(DATA):
:::

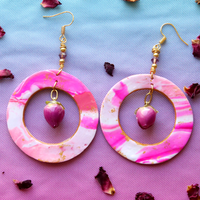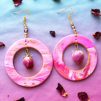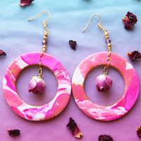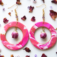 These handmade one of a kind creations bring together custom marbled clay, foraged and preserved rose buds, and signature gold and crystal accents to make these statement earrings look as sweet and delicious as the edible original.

:::

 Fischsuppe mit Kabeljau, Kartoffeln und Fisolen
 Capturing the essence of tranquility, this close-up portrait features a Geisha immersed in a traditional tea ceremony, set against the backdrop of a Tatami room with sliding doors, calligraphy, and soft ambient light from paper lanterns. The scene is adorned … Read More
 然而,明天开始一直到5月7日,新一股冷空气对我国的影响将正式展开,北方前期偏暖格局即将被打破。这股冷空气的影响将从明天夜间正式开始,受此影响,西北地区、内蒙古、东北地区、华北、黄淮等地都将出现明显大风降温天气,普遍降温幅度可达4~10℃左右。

:::

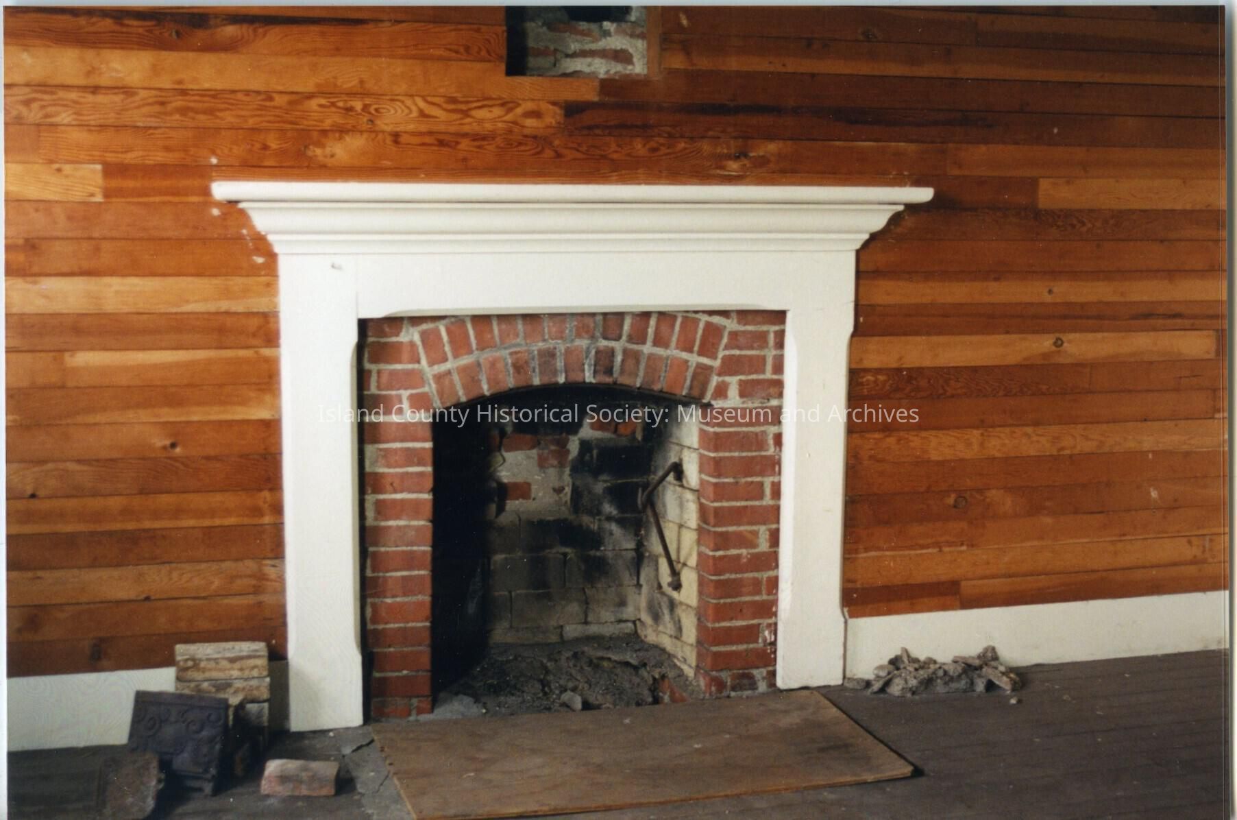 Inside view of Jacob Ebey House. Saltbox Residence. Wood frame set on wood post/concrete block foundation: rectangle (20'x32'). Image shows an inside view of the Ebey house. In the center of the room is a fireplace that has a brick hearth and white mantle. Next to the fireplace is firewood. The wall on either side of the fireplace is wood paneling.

:::

(WORK REQUEST):
Please copy the lines in the records above between the one holding "Fischsuppe mit Kabeljau, Kartoffeln" and the one holding "然而,明天开始一直到5月7日", inclusive, exactly and with no other line.

(WORKED SOLUTION):
 Fischsuppe mit Kabeljau, Kartoffeln und Fisolen
 Capturing the essence of tranquility, this close-up portrait features a Geisha immersed in a traditional tea ceremony, set against the backdrop of a Tatami room with sliding doors, calligraphy, and soft ambient light from paper lanterns. The scene is adorned … Read More
 然而,明天开始一直到5月7日,新一股冷空气对我国的影响将正式展开,北方前期偏暖格局即将被打破。这股冷空气的影响将从明天夜间正式开始,受此影响,西北地区、内蒙古、东北地区、华北、黄淮等地都将出现明显大风降温天气,普遍降温幅度可达4~10℃左右。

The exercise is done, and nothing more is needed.